Why It’s Not Recommended Now
- Mozilla support explicitly notes that FPI is “not a supported feature” and suggests disabling it and using Strict Enhanced Tracking Protection (ETP), which enables a dynamic FPI‑like behavior that is supported.
- Privacy‑hardening projects (e.g., arkenfox and community discussions) state FPI has been superseded by Network Partitioning and Total Cookie Protection in Firefox 85+ and that enabling FPI can disable those newer mechanisms and is “no longer maintained” outside Tor.
Practical Downsides of FPI
- Breakage of third‑party logins (Google, Facebook, some SSO flows) and embedded services; Mozilla’s study found the FPI group hit the most issues of tested privacy settings.
- More annoying CAPTCHAs and friction with services that expect cross‑site state.

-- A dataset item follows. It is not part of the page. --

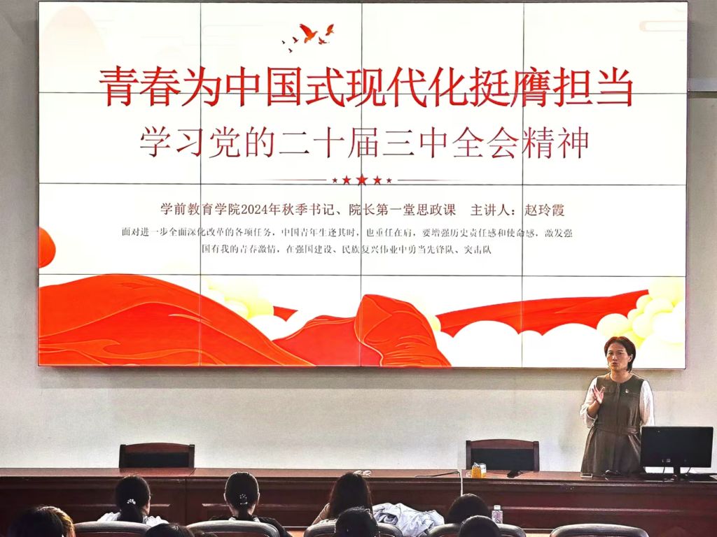 10月10日,学前教育学院副院长赵玲霞讲授了主题为“青春为中国式现代化挺膺担当”的2024年秋季学期第一堂思政课,引领学生深入学习领会党的二十届三中全会精神,激励青年学子在强国建设、民族复兴伟业中勇当先锋队、突击队。

- Less efficient caching and higher data usage because shared resources (CDN fonts, JS libraries) get re‑downloaded per site.

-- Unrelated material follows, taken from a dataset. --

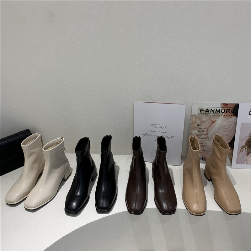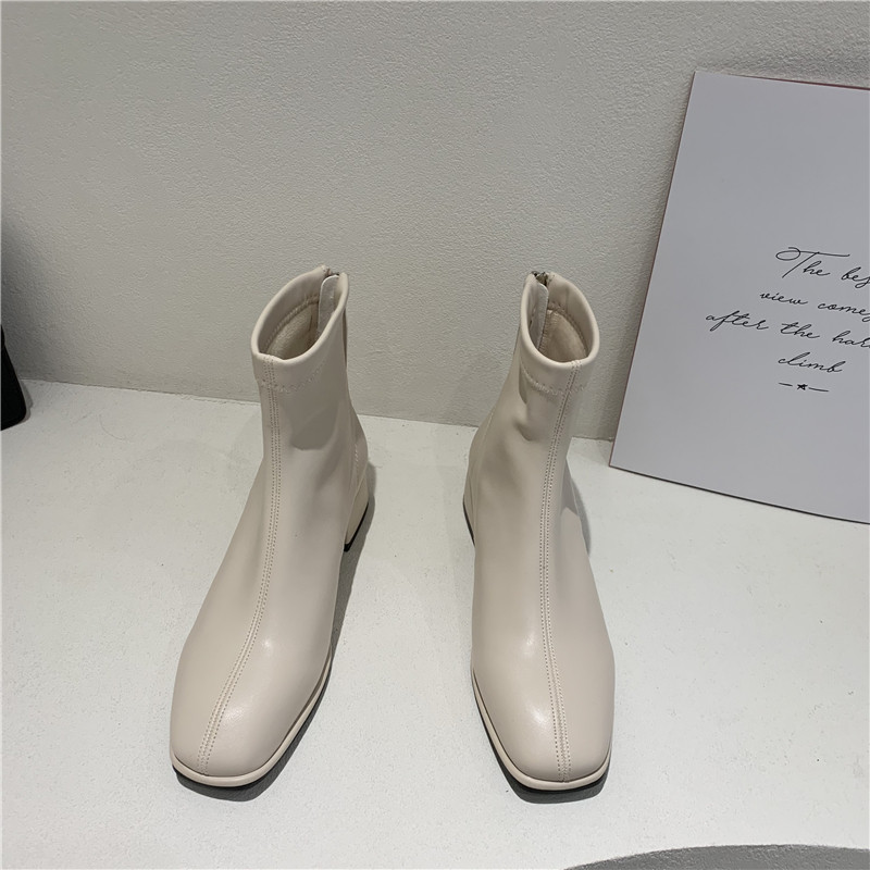 Martens, ботинки, демисезонные утепленные ботильоны, бежевые короткие сапоги, в корейском стиле, 2020 года

- No smooth migration: enabling FPI wipes existing cookies/cache because they weren’t partitioned before.
What To Use Instead
For a privacy‑focused but usable Firefox setup today, a common recommendation is:
- Leave privacy.firstparty.isolate false.
- Set Enhanced Tracking Protection to Strict, which turns on Dynamic FPI‑style state partitioning / Total Cookie Protection that isolates third‑party storage while keeping better web compatibility.
- Optionally add containers for extra separation of profiles (work vs personal, different logins), which complements but doesn’t replace Firefox’s built‑in state partitioning.
When Might You Still Use FPI?
You might still consider classic FPI only if:
- You understand that it’s effectively a Tor‑style hardening option, not a mainstream feature.
- You are willing to accept frequent breakage and spend time debugging login and SSO problems.
For most Firefox users, including privacy‑conscious ones, the
recommended path is Strict ETP / Total Cookie Protection rather than manually enabling FPI.